# Information supplied:
====

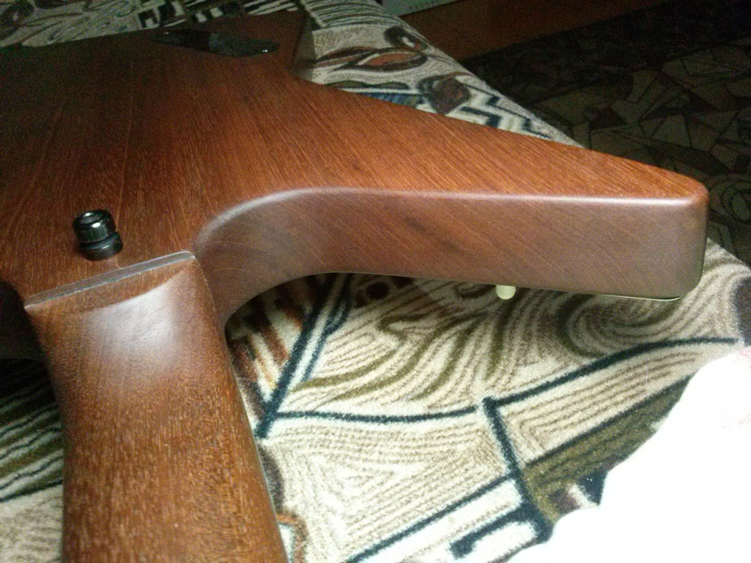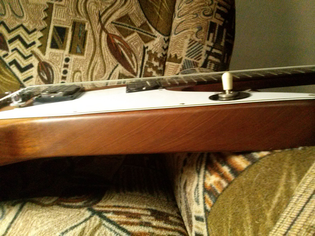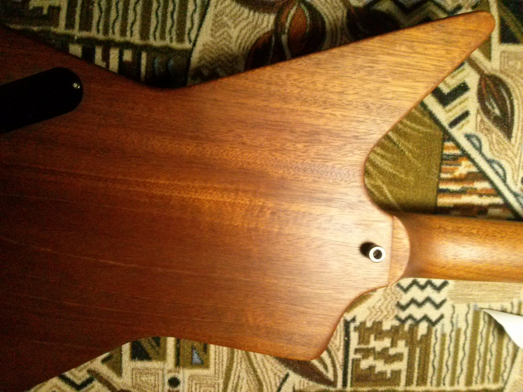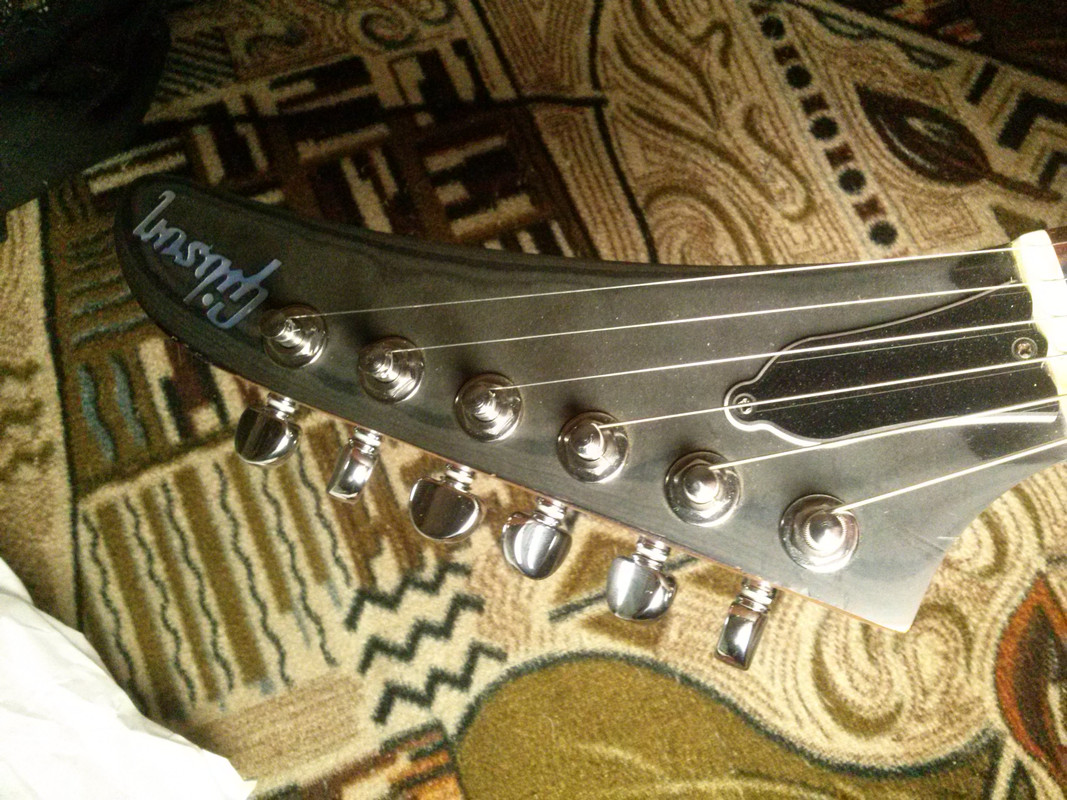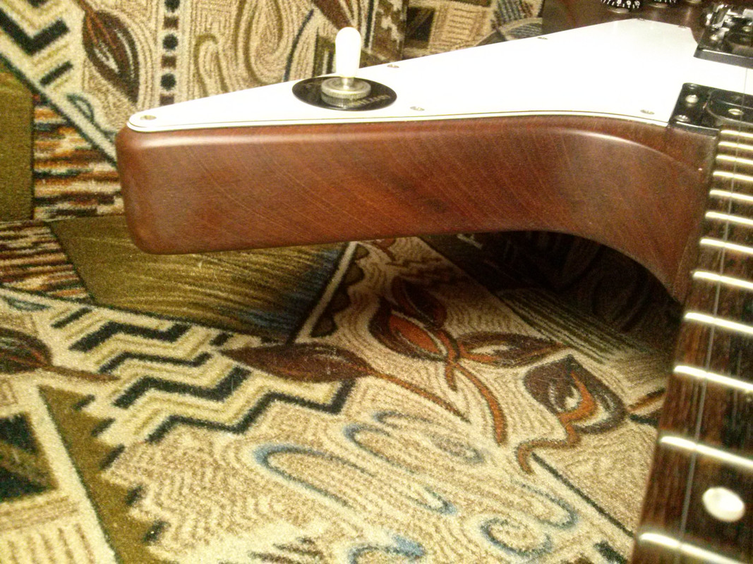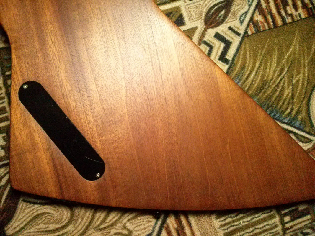 • Body & Hardware: Korina (African limba wood) body (mahogany from 1975, some Korina 1976, alder 1982-84, mahogany from 1986), elongated upper treble bout and lower bass bout, Tune-o- matic bridge, stop tailpiece, optional vibrato 1981-89, white pickguard (no pickguard 1984-89).
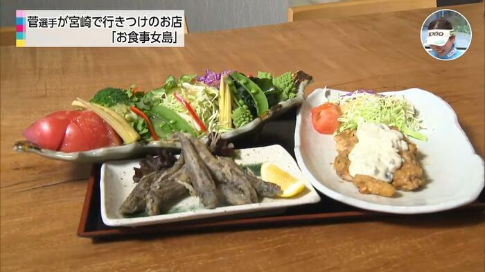 菅プロがいつも食べているのが、宮崎名物の「チキン南蛮」「メヒカリの唐揚げ」「野菜サラダ」のセット。さらに、締めには必ず、細い麺面が特徴の「五島うどん」を頼むそうだ。
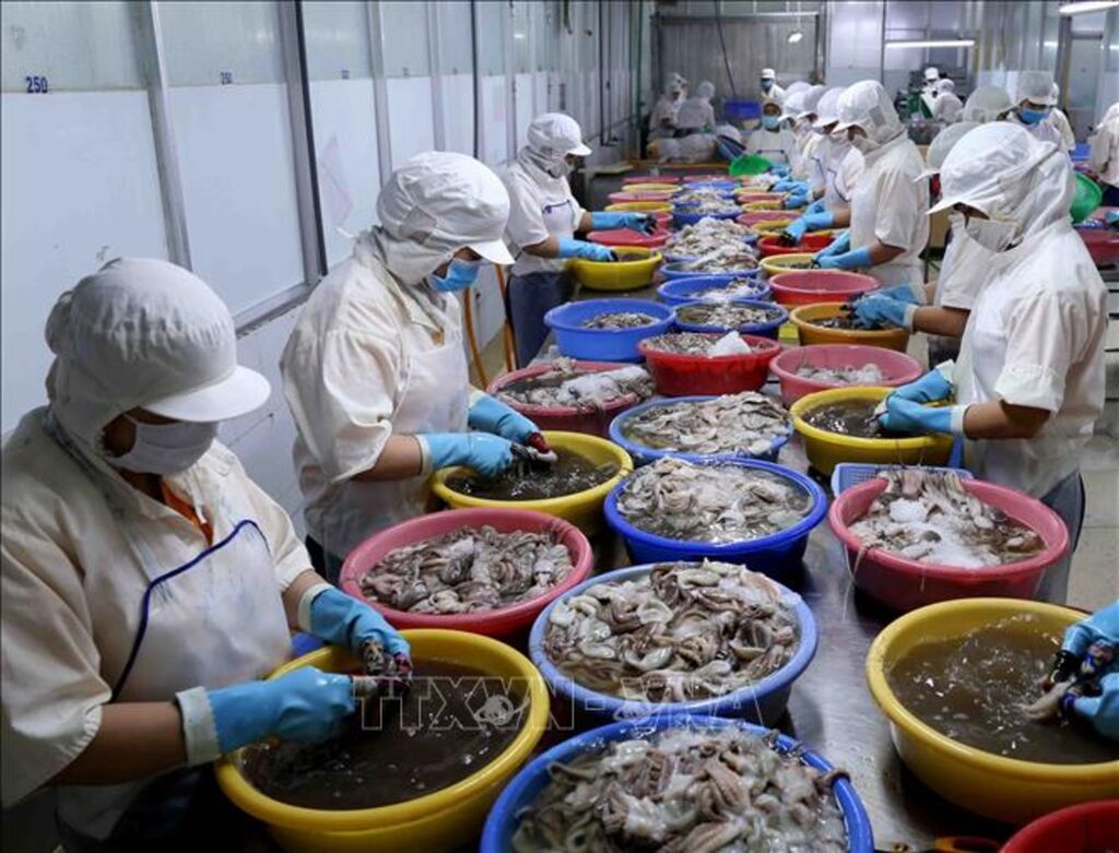| La transformation de fruits de mer dans une usine de Kiên Giang. |
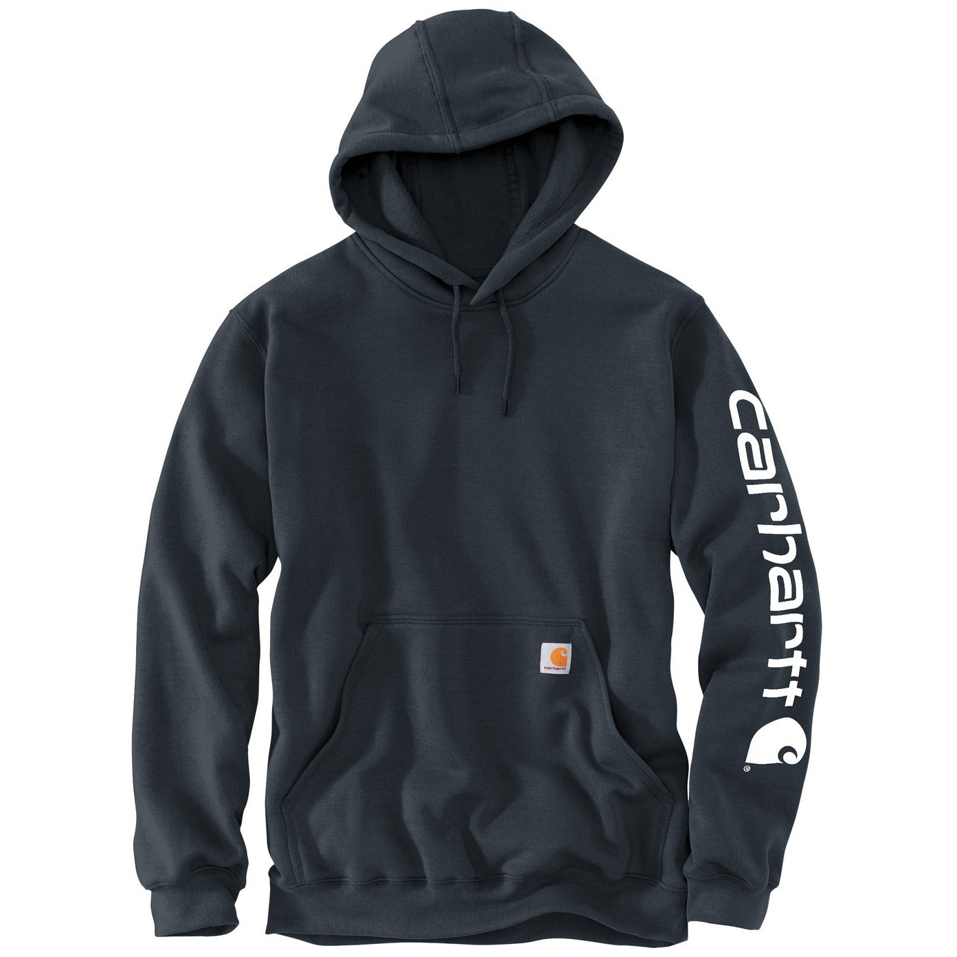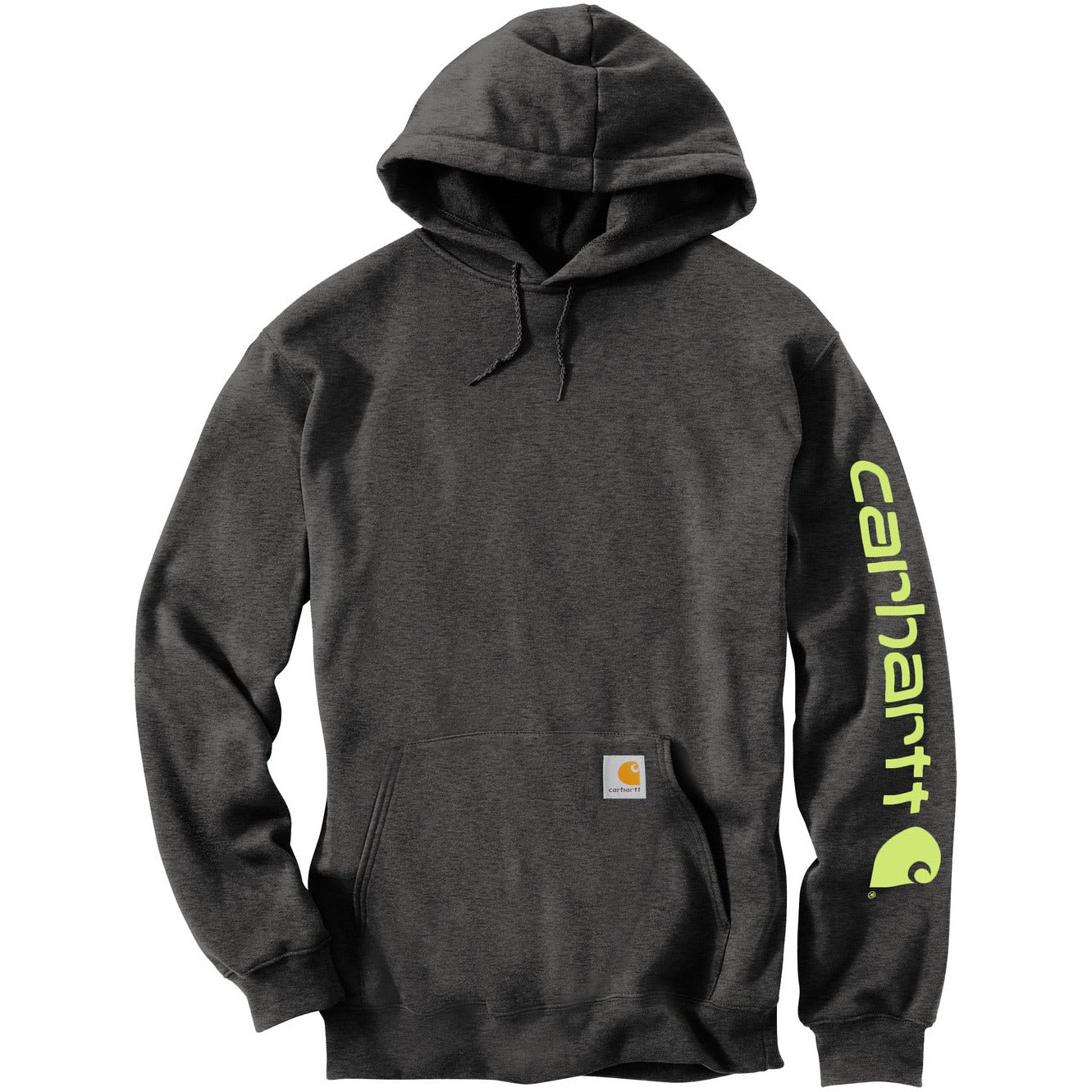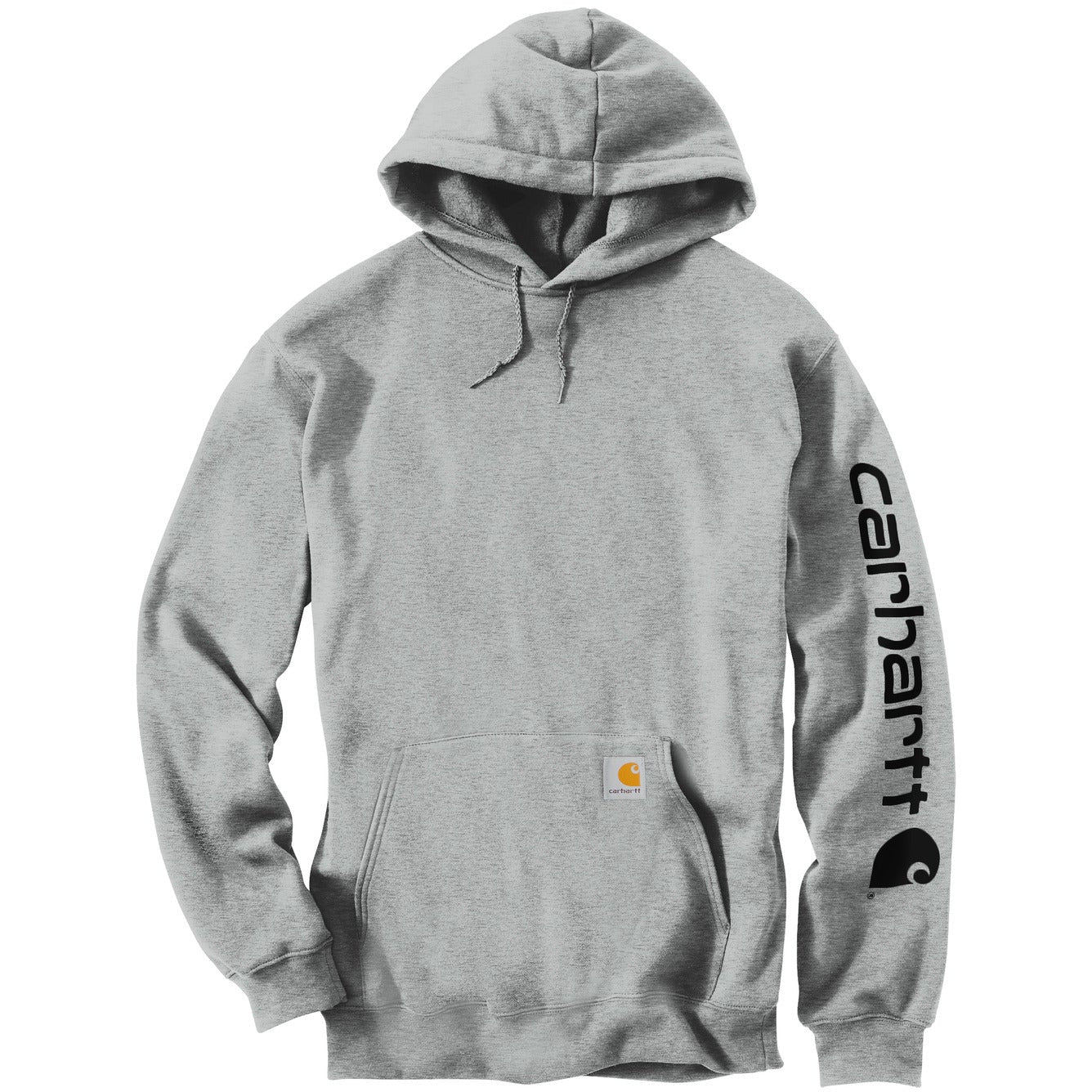 Show your Carhartt pride in this versatile, layerable sweatshirt that features a bold Carhartt signature logo down the left sleeve. 10.5-ounce, 50/50 cotton/poly blend or 59/41 cotton/poly blend (Black, Carbon Heather, Carhartt Brown, New Navy)* 70/30 cotton/poly blend (Heather Grey) Attached three-piece hood with drawcord closure Carhartt signature logo down left sleeve Front hand warmer pocket Stretchable, spandex-reinforced, rib knit cuffs and waistband Carhartt-strong, triple-stitched main seams for added durability Carhartt patch sewn on handwarmer pocket Loose fit *Please note: Select colors in Carhartt fleece are currently transitioning from a 50/50 cotton/poly blend to a 59/41 cotton/poly blend. Weight and fabric properties remain the same. Your order may contain a combination of both fabrics.

====

# Exercise goal:
Exact repetition of the material above is required, with the images removed.

# Expected output:
 • Body & Hardware: Korina (African limba wood) body (mahogany from 1975, some Korina 1976, alder 1982-84, mahogany from 1986), elongated upper treble bout and lower bass bout, Tune-o- matic bridge, stop tailpiece, optional vibrato 1981-89, white pickguard (no pickguard 1984-89).
 菅プロがいつも食べているのが、宮崎名物の「チキン南蛮」「メヒカリの唐揚げ」「野菜サラダ」のセット。さらに、締めには必ず、細い麺面が特徴の「五島うどん」を頼むそうだ。
| La transformation de fruits de mer dans une usine de Kiên Giang. |
 Show your Carhartt pride in this versatile, layerable sweatshirt that features a bold Carhartt signature logo down the left sleeve. 10.5-ounce, 50/50 cotton/poly blend or 59/41 cotton/poly blend (Black, Carbon Heather, Carhartt Brown, New Navy)* 70/30 cotton/poly blend (Heather Grey) Attached three-piece hood with drawcord closure Carhartt signature logo down left sleeve Front hand warmer pocket Stretchable, spandex-reinforced, rib knit cuffs and waistband Carhartt-strong, triple-stitched main seams for added durability Carhartt patch sewn on handwarmer pocket Loose fit *Please note: Select colors in Carhartt fleece are currently transitioning from a 50/50 cotton/poly blend to a 59/41 cotton/poly blend. Weight and fabric properties remain the same. Your order may contain a combination of both fabrics.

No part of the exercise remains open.